Measurement of glucose tolerance, insulin, and insulin sensitivity

An oral glucose tolerance test with glucose tolerance classification according to the WHO criteria (23) and a frequently sampled intravenous glucose tolerance test (FSIGT) were performed on two separate days 2–28 days apart. Participants were asked to refrain from heavy exercise and alcohol consumption for 24 h and fast for 12 h before each visit and abstain from smoking the morning of examination. Plasma glucose was measured with the glucose oxidase method on an automated autoanalyzer (Yellow Springs Equipment). Plasma insulin levels were measured using the dextran-charcoal radioimmunoassay method (24).
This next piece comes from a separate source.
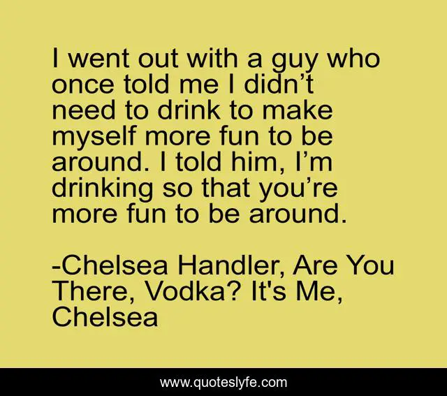 This page presents the quote "I went out with a guy who once told me I didn’t need to drink to make myself more fun to be around. I told him, I’m drinking so that you’re more fun to be around.". Author of this quote is Chelsea Handler, Are You There, Vodka? It's Me, Chelsea. .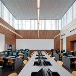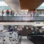 The layering of function and space works: Children lining up for story time don’t bat an eye at students hunkered down in group study rooms. And while the combination of library functions may be unique, at its core, the building “is about providing the spaces for people to interact,” Richärd says, “both with each other and with information.”

Insulin sensitivity was assessed by the FSIGT with minimal model analysis (25). Glucose (0.3 g/kg in 50% solution) was injected through an intravenous catheter at 0 min, and regular human insulin (0.03 U/kg) was injected at 20 min. Blood was collected at −5, 2, 4, 8, 19, 22, 30, 40, 50, 70, 100, and 180 min for insulin and glucose determination. Si was calculated by mathematical modeling (MINMOD, version 3.0, 1994). The injection of insulin was necessary to ensure adequate plasma insulin levels for accurate computation of insulin sensitivity in a diabetic person (26). This version of the FSIGT was validated by comparison with the hyperinsulinemic-euglycemic clamp (27).

Definition of CAD

CAD was defined conservatively as past myocardial infarction, coronary artery bypass graft, or percutaneous transluminal coronary angioplasty only if confirmed by review of medical records or a major Q-wave on IRAS examination electrocardiogram (ECG). The IRAS Events Committee (M.R., S.H., and J.S.) reviewed using standard criteria (28) all events reported to occur before the IRAS examination. Myocardial infarction was confirmed in 39 (72%) of 54, coronary artery bypass graft in 19 of 21, and percutaneous transluminal coronary angioplasty in 7 of 9 of case subjects. Standard, resting 12-lead ECG was performed using the MAC/PC electrocardiograph (Marquette Electronics, Milwaukee, WI). ECG tracings were read centrally using NOVACODE ECG software and the Minnesota Code (29) and revealed a major Q-wave (Minnesota code 1.1–1.2, except for 1.28) in 59 of the participants. Of the 1,482 IRAS participants who completed FSIGT, 91 (47 nondiabetic and 44 diabetic participants) had at least one of these events and were classified as case subjects.

Other measurements

Resting systolic and diastolic blood pressure were measured three times, and the second and third measurements were averaged. Hypertension was defined as systolic blood pressure ≥140 or diastolic blood pressure ≥90 mmHg or if they were currently taking antihypertensive medication. BMI was used as an estimate of overall adiposity. The waist-to-hip ratio was used as an estimate of body fat distribution. Cigarette smoking was categorized into “none,” “past,” or “current” using a standard questionnaire. Plasma HDL and LDL cholesterol were measured in fresh fasting plasma using the β-quantification according to the Lipid Research Clinics. Triglycerides were measured by enzymatic method in a glycerol blanked assay (Hitachi Autoanalyzer).

Statistical analysis

All analyses were performed in SAS version 6.08 statistical package (SAS Institute, Cary, NC) using Student’s t test and χ2 test for univariate comparisons and logistic regression to estimate the relationship between Si and CAD, controlling for potential confounders and effect modifiers.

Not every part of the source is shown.